Soon after taking up his position, Davy began to bang out new elements one after another--potassium, sodium, magnesium, calcium, strontium, and aluminum or aluminium, depending on which branch of English you favor. * 13 He discovered so many elements not so much because he was serially astute as because he developed an ingenious technique of applying electricity to a molten substance--electrolysis, as it is known. Altogether he discovered a dozen elements, a fifth of the known total of his day. Davy might have done far more, but unfortunately as a young man he developed an abiding attachment to the buoyant pleasures of nitrous oxide. He grew so attached to the gas that he drew on it (literally) three or four times a day. Eventually, in 1829, it is thought to have killed him.
Fortunately more sober types were at work elsewhere. In 1808, a dour Quaker named John Dalton became the first person to intimate the nature of an atom (progress that will be discussed more completely a li
ttle further on), and in 1811 an Italian with the splendidly operatic name of Lorenzo Romano Amadeo Carlo Avogadro, Count of Quarequa and Cerreto, made a discovery that would prove highly significant in the long term--namely, that two equal volumes of gases of any type, if kept at the same pressure and temperature, will contain identical numbers of molecules.

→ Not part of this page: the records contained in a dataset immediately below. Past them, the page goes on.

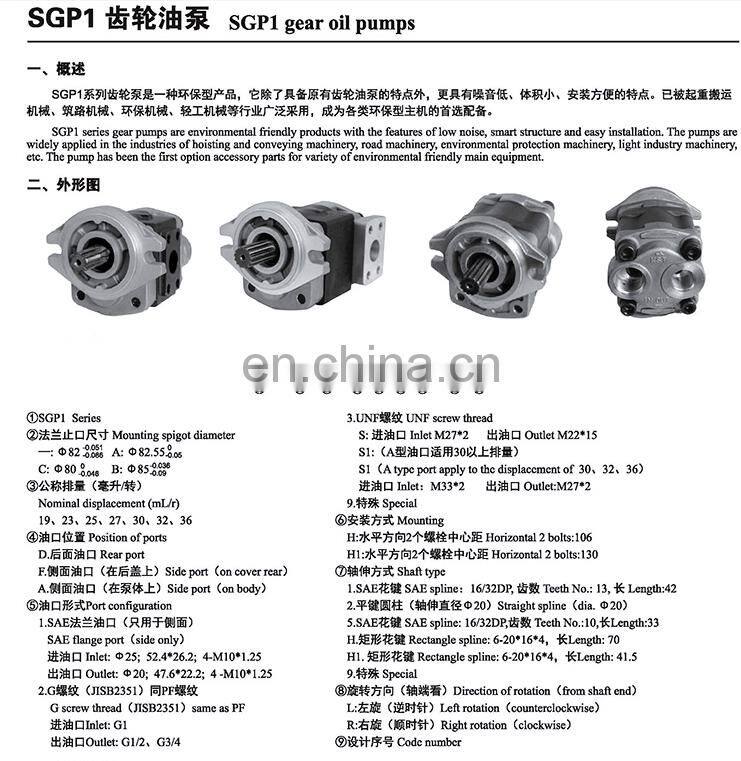 SGP1A Series Gear Pump hydraulic gear pump for Toyota , have mainly been used for Toyota,Mitsubishi, Nichiyu, Hangcha, Heli, TCM series forklifts and cranes
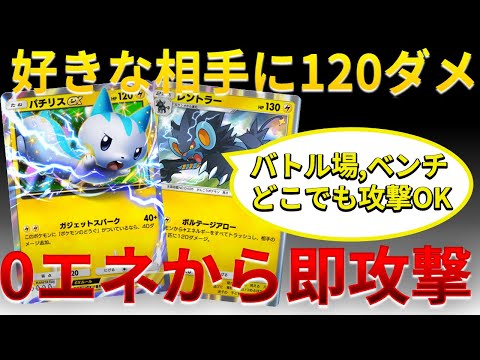 ワザ「ボルテージアロー」は120ダメージを好きな対象に飛ばす効果で、相手のバトル場にいるポケモンを無視してポイントを取得することができます。
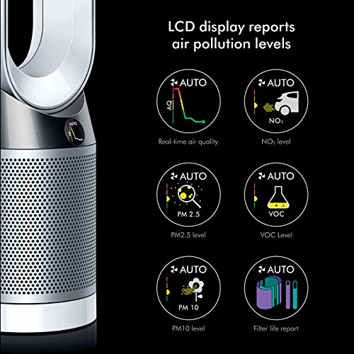 - Automatically senses and reports air quality levels (PM 2.5, PM 10, VOC, NO2 & overall AQI) on LCD screen and Dyson Link App in real-time; only purifier to report ALL of these separately.
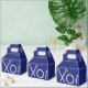 Festa de lacrosse criativa ou evento esportivo em equipe favorece caixas com design de lax em fundo azul.
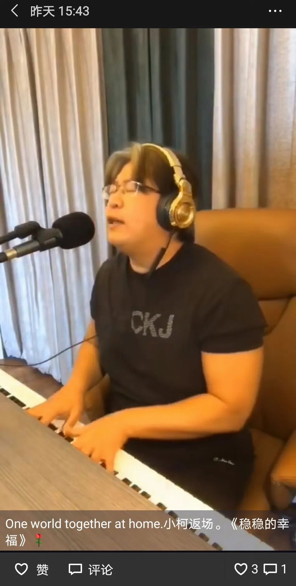 03:16,老狼在朋友圈中开唱。视频和截屏照片来自老狼的微信朋友圈(00:16)

Two things were notable about Avogadro's Principle, as it became known. First, it provided a basis for more accurately measuring the size and weight of atoms. Using Avogadro's mathematics, chemists were eventually able to work out, for instance, that a typical atom had a diameter of 0.00000008 centimeters, which is very little indeed. And second, almost no one knew about Avogadro's appealingly simple principle for almost fifty years. * 14
Partly this was because Avogadro himself was a retiring fellow--he worked alone, corresponded very little with fellow scientists, published few papers, and attended no meetings--but also it was because there were no meetings to attend and few chemical journals in which to publish. This is a fairly extraordinary fact. The Industrial Revolution was driven in large part by developments in chemistry, and yet as an organized science chemistry barely existed for decades.

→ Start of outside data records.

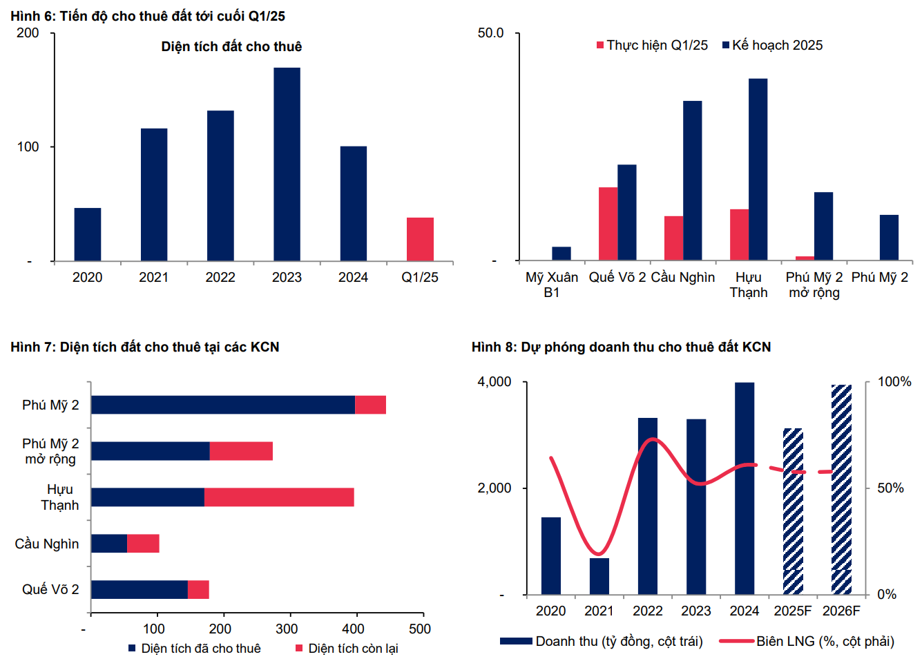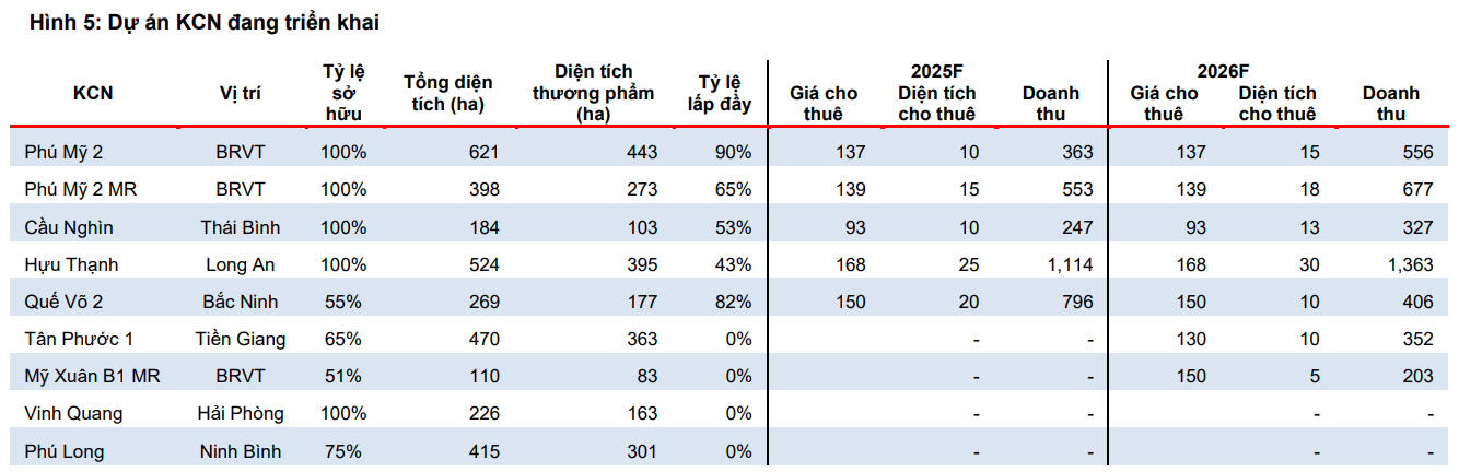 Trong nửa đầu năm 2025, công ty đã nhận được chấp thuận chủ trương đầu tư cho hai dự án KCN mới là Vinh Quang (226 ha) và Phú Long (415 ha). Công ty đang hoàn thiện hồ sơ pháp lý và tiến hành GPMB, kỳ vọng hai KCN mới này sẽ đem lại dòng tiền từ năm 2027.
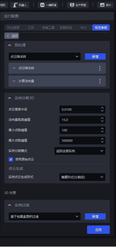 | 选择坐标系 | 在选择的坐标系下滤除点云 | ROI坐标系 | 相机坐标系;ROI坐标系;物体自身坐标系 | / | / |
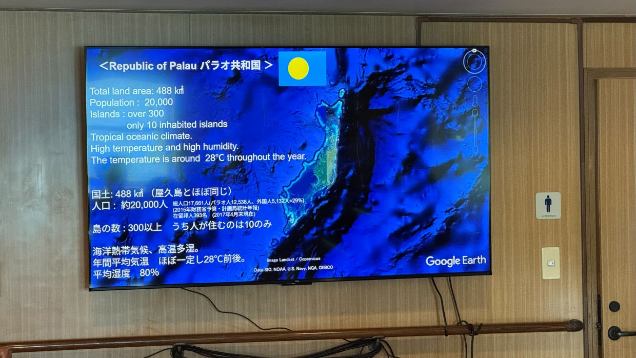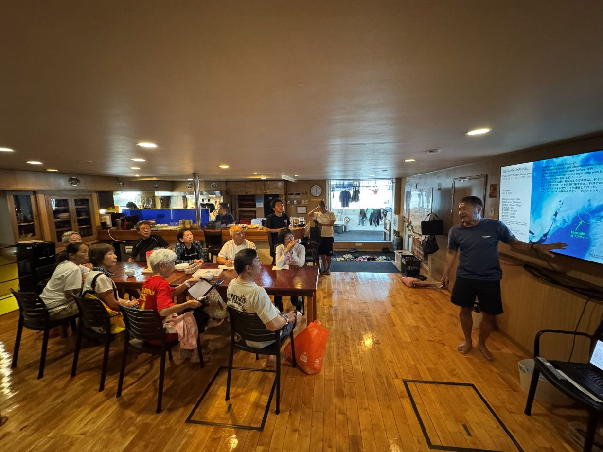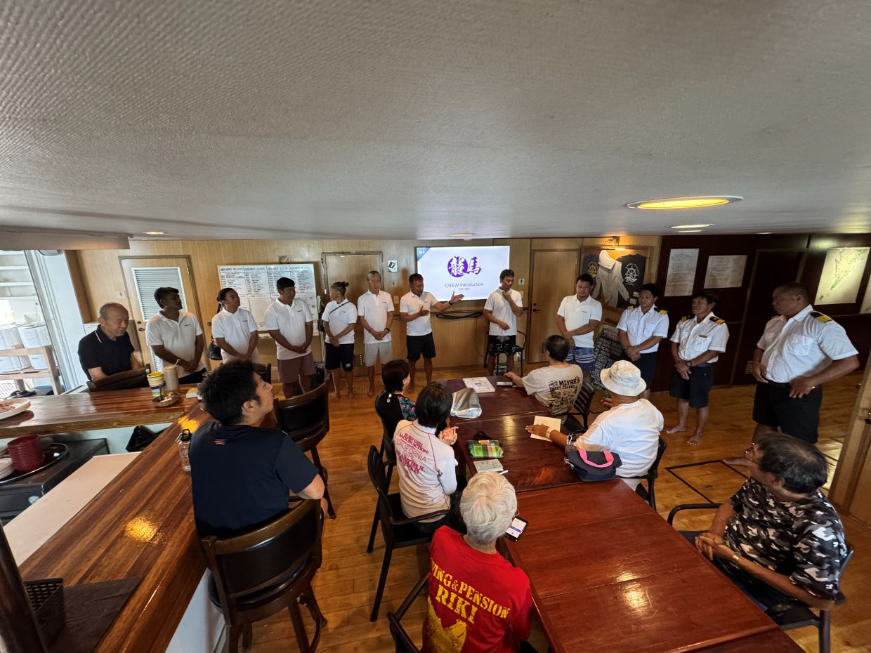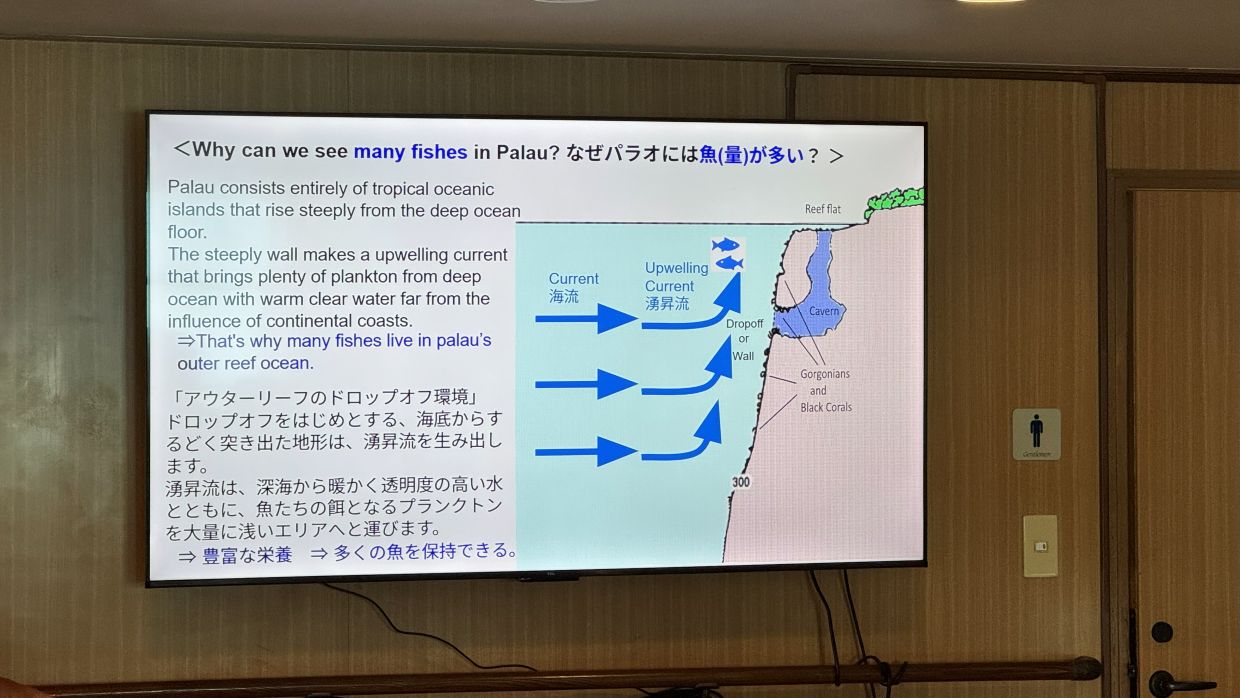 パラオに到着後、さっそく『龍馬号』に乗船です!明日からのダイビングのレクチャーを受けて、準備万端です。

The Chemical Society of London was not founded until 1841 and didn't begin to produce a regular journal until 1848, by which time most learned societies in Britain--Geological, Geographical, Zoological, Horticultural, and Linnaean (for naturalists and botanists)--were at least twenty years old and often much more. The rival Institute of Chemistry didn't come into being until 1877, a year after the founding of the American Chemical Society. Because chemistry was so slow to get organized, news of Avogadro's important breakthrough of 1811 didn't begin to become general until the first international chemistry congress, in Karlsruhe, in 1860.
Because chemists for so long worked in isolation, conventions were slow to emerge. Until well into the second half of the century, the formula H 2 O 2 might mean water to one chemist but hydrogen peroxide to another. C 2 H 4 could signify ethylene or marsh gas. There was hardly a molecule that was uniformly represented everywhere.